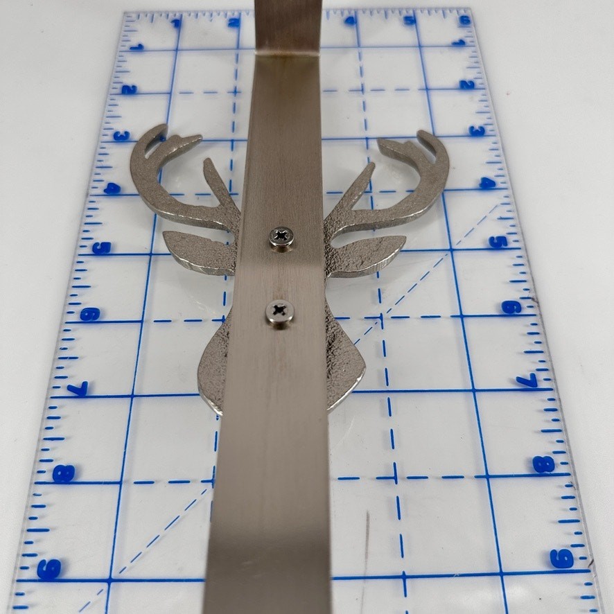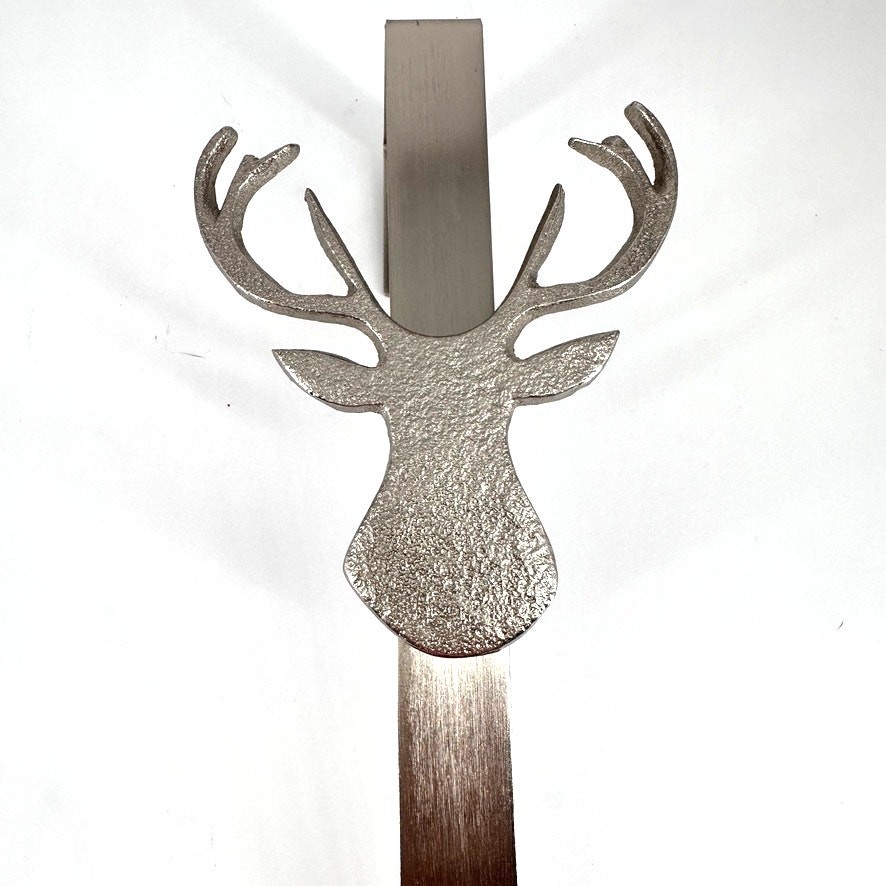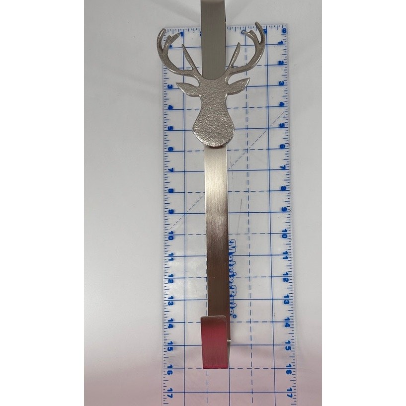 Bring festive flair to your holiday entryway with this silver-tone reindeer head wreath hanger. This stylish metal hook fits over most standard doors and provides a sturdy hanging solution for wreaths, garlands, or seasonal décor. Textured antler design and brushed silver finish give it a modern yet rustic look, perfect for any Christmas theme from farmhouse to glam. I will wrap in bubble wrap and ship in a poly mailer to save on shipping Please review pictures for details.
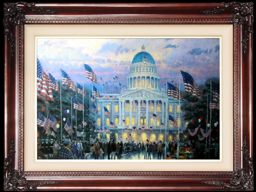 "Flags Over The Capital is my tribute to the American spirit. Nothing brings out American pride more than a celebration with flags flying overhead and banners strung from every window. This is a time when friends, families and neighbors join together in a spectacular display of unity and patriotism."--Thomas Kinkade
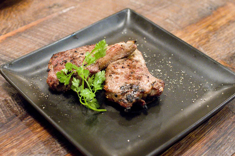Charcoal-grilled dishes are another specialty, and the roster includes lamb, foie gras, duck, truffle-chicken tsukune and organ meats with cilantro. The well-seasoned lamb chops are particularly appetizing, with just a hint of charring from the grill.
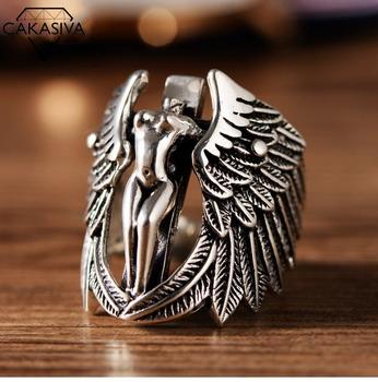 Angel Wing Ring European and American Retro Thai Silver Dyed Black Angel Wing Opening Ring Girl
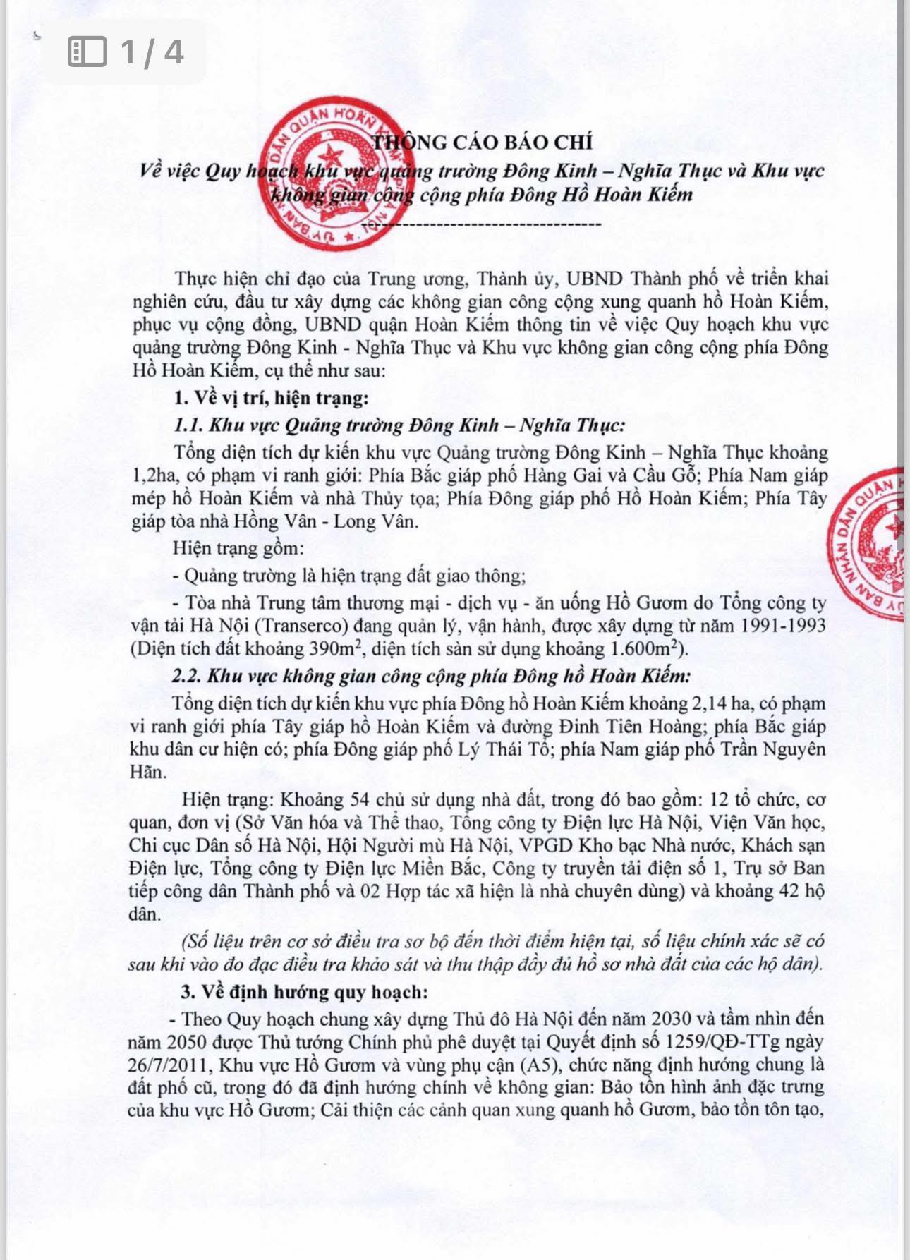 Ngày 19/3, UBND Quận Hoàn Kiếm đã thông tin về công tác quy hoạch các không gian công cộng xung quanh hồ Hoàn Kiếm, phục vụ cộng đồng. Theo đó, khu vực Quảng trường Đông Kinh – Nghĩa Thục có diện tích khoảng 1,2ha; Phía Bắc giáp phố Hàng Gai và Cầu Gỗ; phía Nam giáp mép hồ Hoàn Kiếm và nhà Thủy tọa; phía Đông giáp phố Hồ Hoàn Kiếm; phía Tây giáp tòa nhà Hồng Vân – Long Vân.
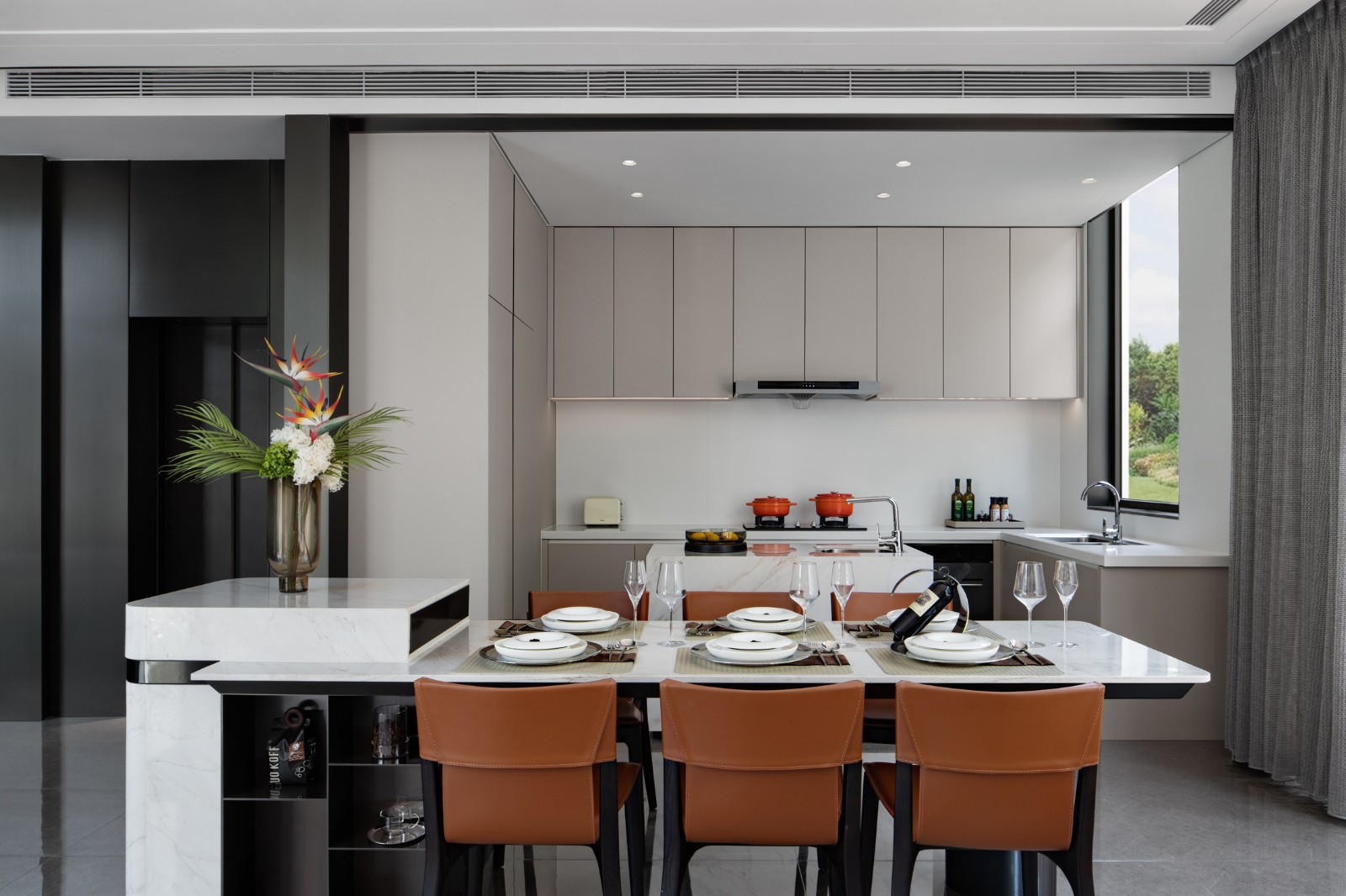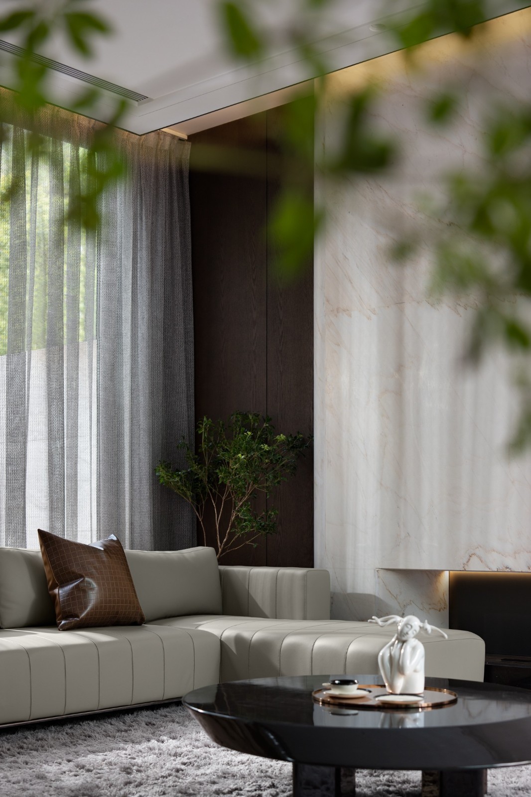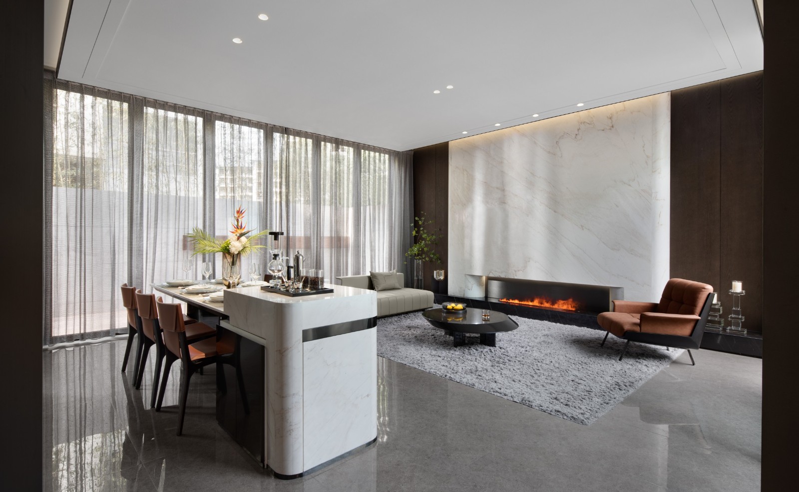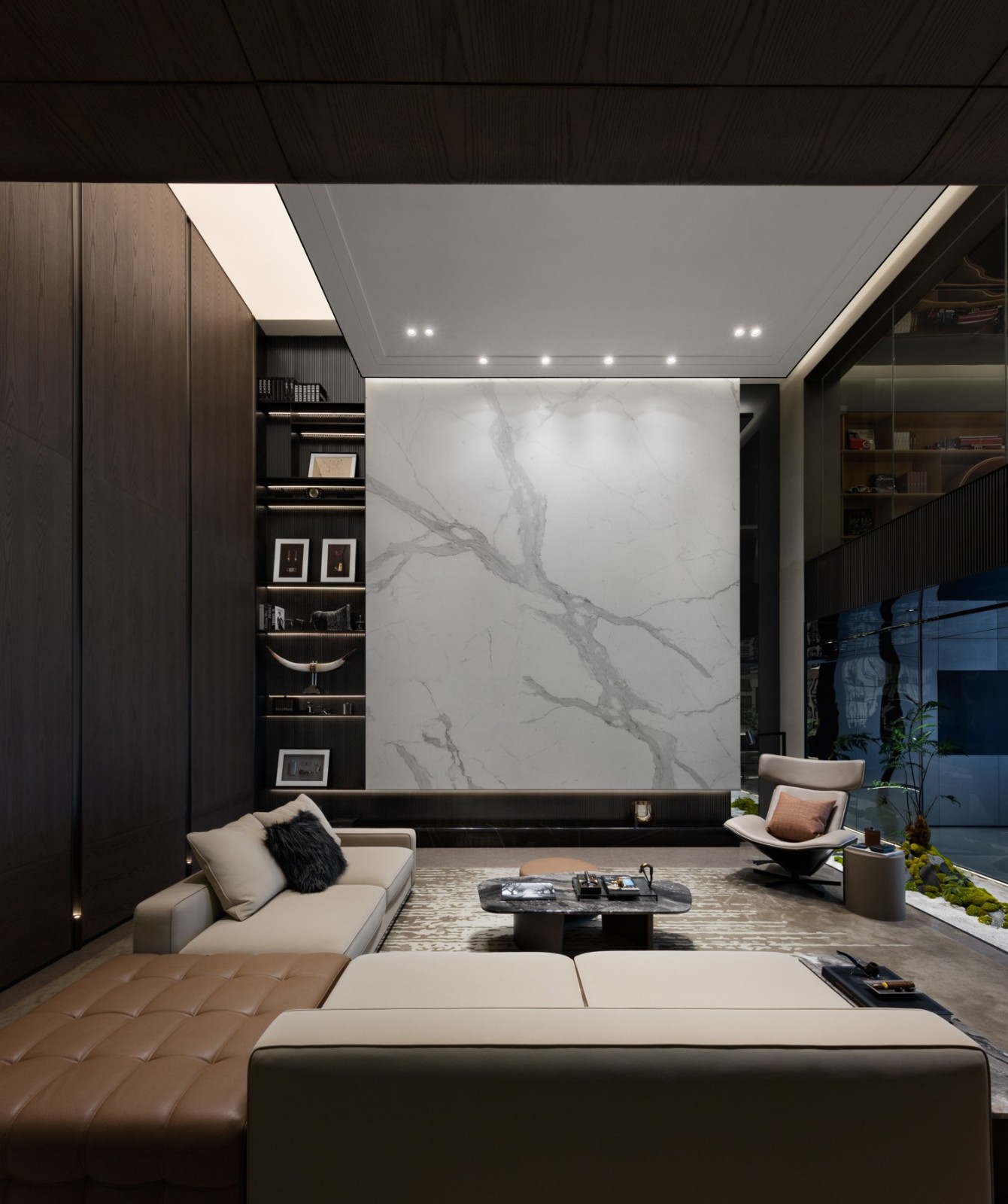 濃郁的深棕木紋、潔白的大理石、硬朗的皮革共同延續(xù)著待客空間的色彩脈絡(luò)與美學(xué)肌理,全景式落地門窗收納著來著戶外的陽光與綠意。
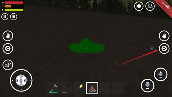 8、完成后,你可以在设定位置看到营火,点击“眼睛”图标确认搭建。

* [PROBLEM TO SOLVE] Give the complete material again, exactly as written. Do not include the pictures.

* [ANSWER SPACE]
 Bring festive flair to your holiday entryway with this silver-tone reindeer head wreath hanger. This stylish metal hook fits over most standard doors and provides a sturdy hanging solution for wreaths, garlands, or seasonal décor. Textured antler design and brushed silver finish give it a modern yet rustic look, perfect for any Christmas theme from farmhouse to glam. I will wrap in bubble wrap and ship in a poly mailer to save on shipping Please review pictures for details.
 "Flags Over The Capital is my tribute to the American spirit. Nothing brings out American pride more than a celebration with flags flying overhead and banners strung from every window. This is a time when friends, families and neighbors join together in a spectacular display of unity and patriotism."--Thomas Kinkade
Charcoal-grilled dishes are another specialty, and the roster includes lamb, foie gras, duck, truffle-chicken tsukune and organ meats with cilantro. The well-seasoned lamb chops are particularly appetizing, with just a hint of charring from the grill.
 Angel Wing Ring European and American Retro Thai Silver Dyed Black Angel Wing Opening Ring Girl
 Ngày 19/3, UBND Quận Hoàn Kiếm đã thông tin về công tác quy hoạch các không gian công cộng xung quanh hồ Hoàn Kiếm, phục vụ cộng đồng. Theo đó, khu vực Quảng trường Đông Kinh – Nghĩa Thục có diện tích khoảng 1,2ha; Phía Bắc giáp phố Hàng Gai và Cầu Gỗ; phía Nam giáp mép hồ Hoàn Kiếm và nhà Thủy tọa; phía Đông giáp phố Hồ Hoàn Kiếm; phía Tây giáp tòa nhà Hồng Vân – Long Vân.
 濃郁的深棕木紋、潔白的大理石、硬朗的皮革共同延續(xù)著待客空間的色彩脈絡(luò)與美學(xué)肌理,全景式落地門窗收納著來著戶外的陽光與綠意。
 8、完成后,你可以在设定位置看到营火,点击“眼睛”图标确认搭建。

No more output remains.